Note that $\frac23\pi^2$ is one third of the surface area of the unit $3$-sphere. We can express the $x_i$ in hyperspherical coordinates; then the radial integration yields $\log L$, and we can roughly regard $\frac23\pi^2$ as the integral over the angular coordinates.

Here's a logarithmic plot of essentially exact values obtained by Gaussian quadrature of the two-dimensional integral (transformed to $\log x_1$ and $\log x_3$ to improve convergence):

The green line is $\frac23\pi^2\log L-24$; the $24$ is from trial and error, and I didn't try to derive it.
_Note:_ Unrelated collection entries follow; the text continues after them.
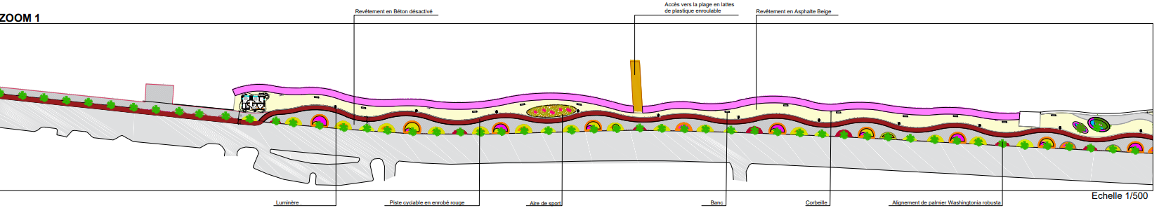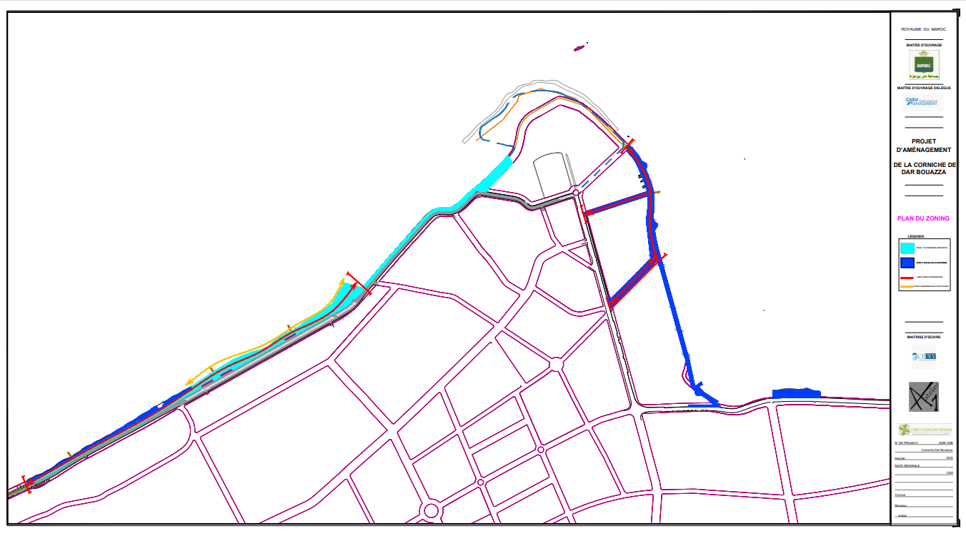 Selon les documents du projet, consultés par nos soins, l’on constate que la SDL va intervenir sur plusieurs zones de la corniche. La couleur bleu ciel, sur l'image ci-dessous, correspond à la plateforme existante qui sera réaménagée, tandis que la couleur bleu foncé correspond à la nouvelle plateforme qui sera mise en place.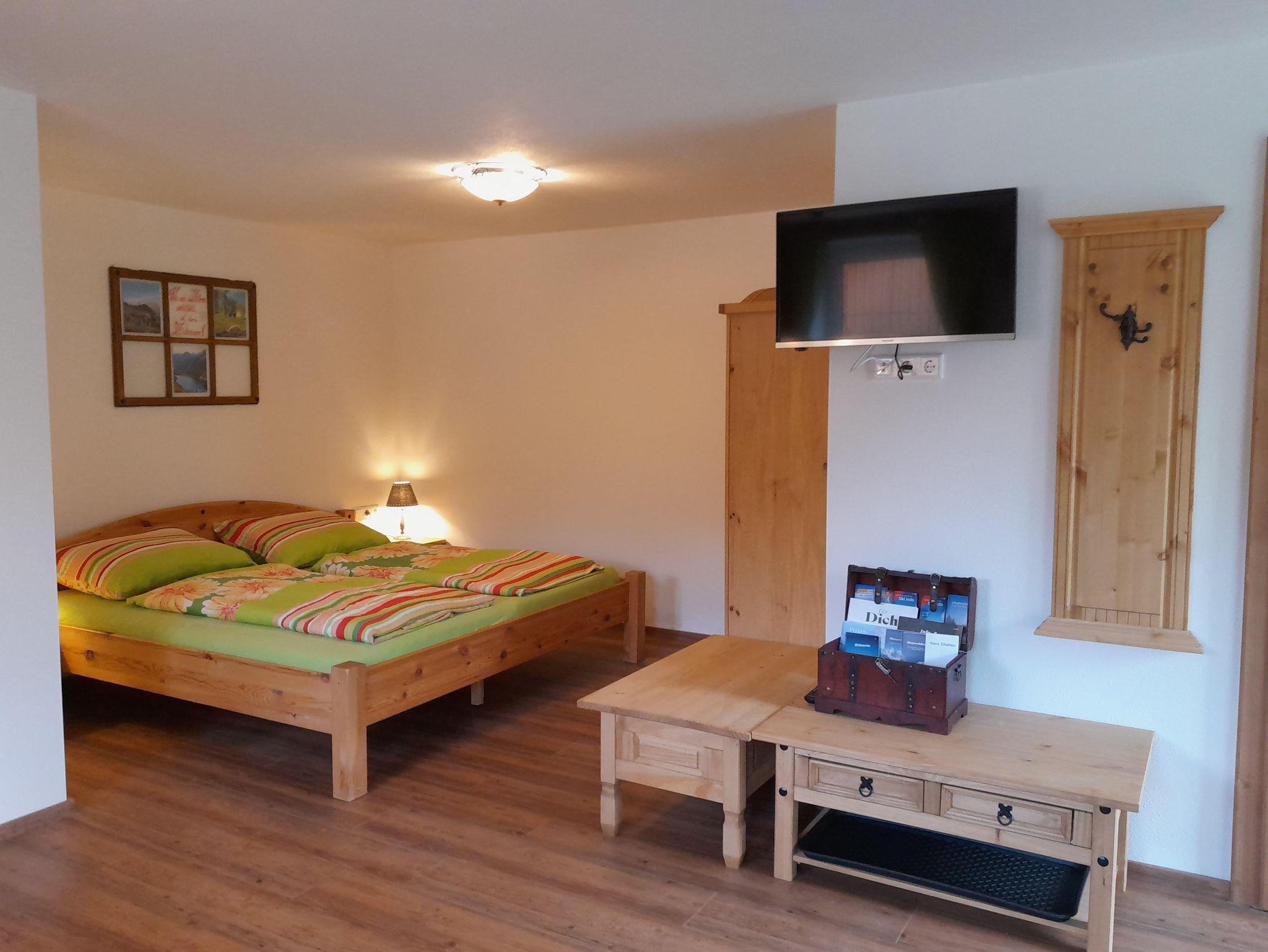 Das Doppelzimmer (23m²) ist mit einem 1,60 m x 2,00 m großem Bett und einem Badezimmer mit Wc und Dusche ausgestattet . Es gibt ein Sideboard mit einem Wasserkocher, etwas Geschirr und Besteck.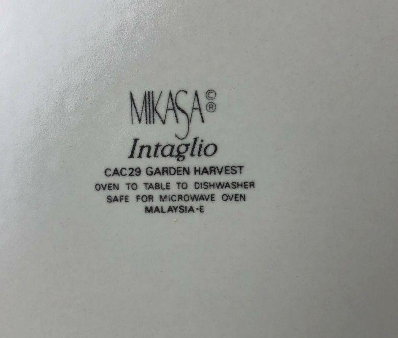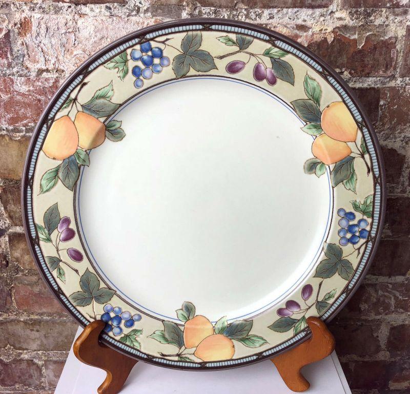 Garden Harvest by Mikasa...Intaglio fruit and leaves on rim...cream background...Excellent condition on this 12 3/4" Round Platter or Chop Plate...No sign of use...Pattern No. CAC29...Now discontinued. Introduced in 1991...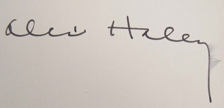 (1921-1992) American novelist, author of the epic fictional history of a black family, Roots. Rare signed book Roots (Garden City: Doubleday & Co., 1976), first edition, inscribed on the front flyleaf: "11/15/76 Susie Chappell - The best to you from Kunta's family! Alex Haley". Last letter in signature slightly feathered, else very good. Slight bit of chipping to printing on spine, spine ends just a bit rubbed, cover lightly soiled, overall very good. With dust jacket.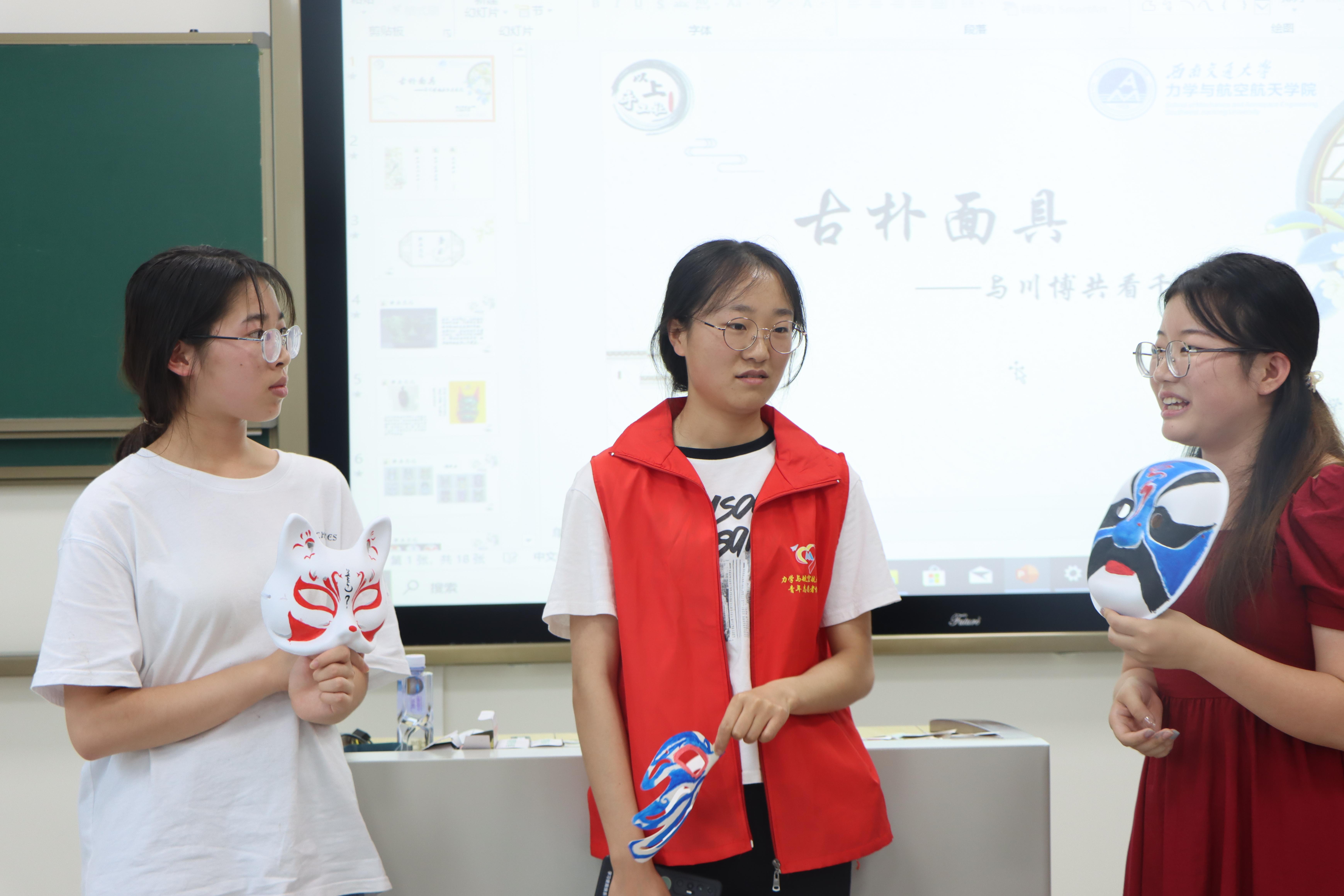 中国博物馆协会会员、四川博物院志愿者委员会委员罗洁进行主题讲座。罗洁介绍川博的人气文物,新石器时期人面形玉佩、水陆共战纹铜壶、唐青釉武士瓷俑引发同学们强烈的逛展兴趣。同时罗洁深入浅出地向同学们讲解了古代面具在四川博物院里的保存、发展与传承的具体过程,用文物案例具体细致地让同学们了解和感受面具背后所蕴含的历史文化以及当今科技发展对文物的保护所作出的贡献。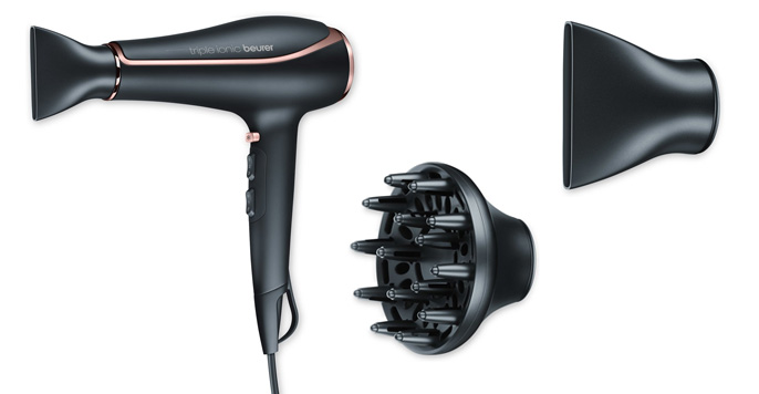 Verder heeft de föhn 3 warmtestanden en 2 ventilatorsnelheden. Ook zit er een koude lucht stand op, een normaal snoer van 1,5 meter en een lus om de föhn op te hangen. Je krijgt bij deze Beurer föhn een diffuser en een smal mondstuk. Het mondstuk is voorzien van een geluidsdemper zodat de föhn minder herrie maakt.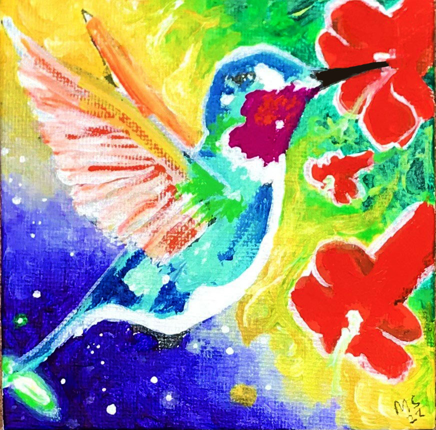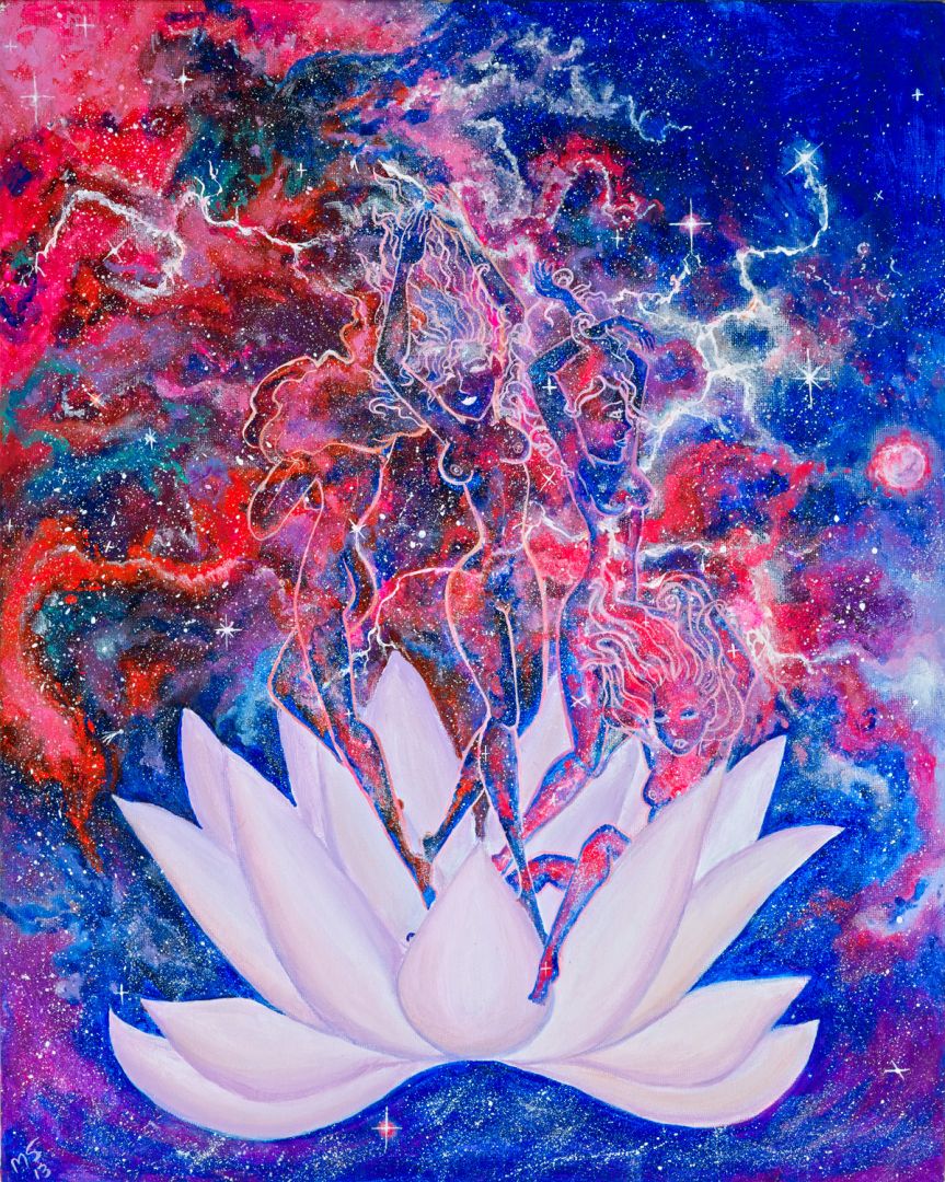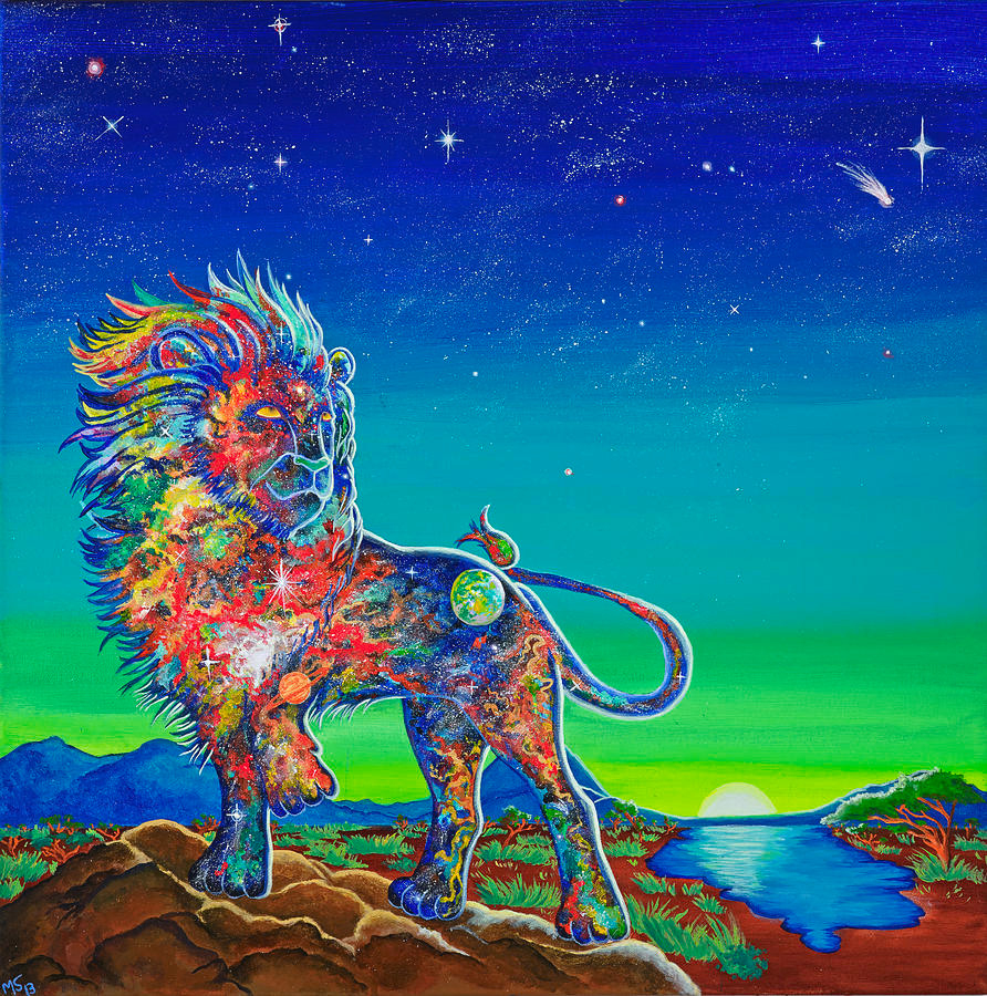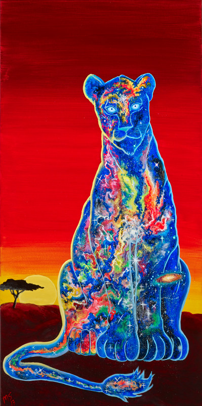 My art shows the universe within humans, animals and objects in the form of bright colors, nebulas, stars galaxies, planets,etc. I love to show our innate uniqueness as well our oneness with all of universal creation. I get excited about the bright choice of colors to choose from as well as any deep meaning that arises from the painting.

The same approach can be used for $n\gt2$, though it may no longer be possible to perform the "angular" integration in closed form. For example, for $n=3$:

$$ \begin{align} &\int_1^L\int_1^L\int_1^L\frac{\log x_1-\log x_3}{x_1-x_3}\frac{\log x_3-\log x_5}{x_3-x_5}\frac{\log x_5-\log x_1}{x_5-x_1}\mathrm dx_5\mathrm dx_3\mathrm dx_1 \\ =&3\int_1^L\frac1{x_1}\int_{1/x_1}^1\int_{1/x_1}^1\frac{-\log\lambda_3}{1-\lambda_3}\frac{\log\lambda_3-\log\lambda_5}{\lambda_3-\lambda_5}\frac{\log\lambda_5}{\lambda_5-1}\mathrm d\lambda_5\mathrm d\lambda_3\mathrm dx_1 \\ \approx&3\int_1^L\frac1{x_1}\int_0^1\int_0^1\frac{-\log\lambda_3}{1-\lambda_3}\frac{\log\lambda_3-\log\lambda_5}{\lambda_3-\lambda_5}\frac{\log\lambda_5}{\lambda_5-1}\mathrm d\lambda_5\mathrm d\lambda_3\mathrm dx_1 \\ =&3\log L\int_0^1\int_0^1\frac{-\log\lambda_3}{1-\lambda_3}\frac{\log\lambda_3-\log\lambda_5}{\lambda_3-\lambda_5}\frac{\log\lambda_5}{\lambda_5-1}\mathrm d\lambda_5\mathrm d\lambda_3 \\ \approx&51.95\log L\;, \end{align} $$

where the coefficient in the last line was obtained by Gaussian quadrature (after transforming to $\sqrt\lambda_3$ and $\sqrt\lambda_5$ to improve convergence).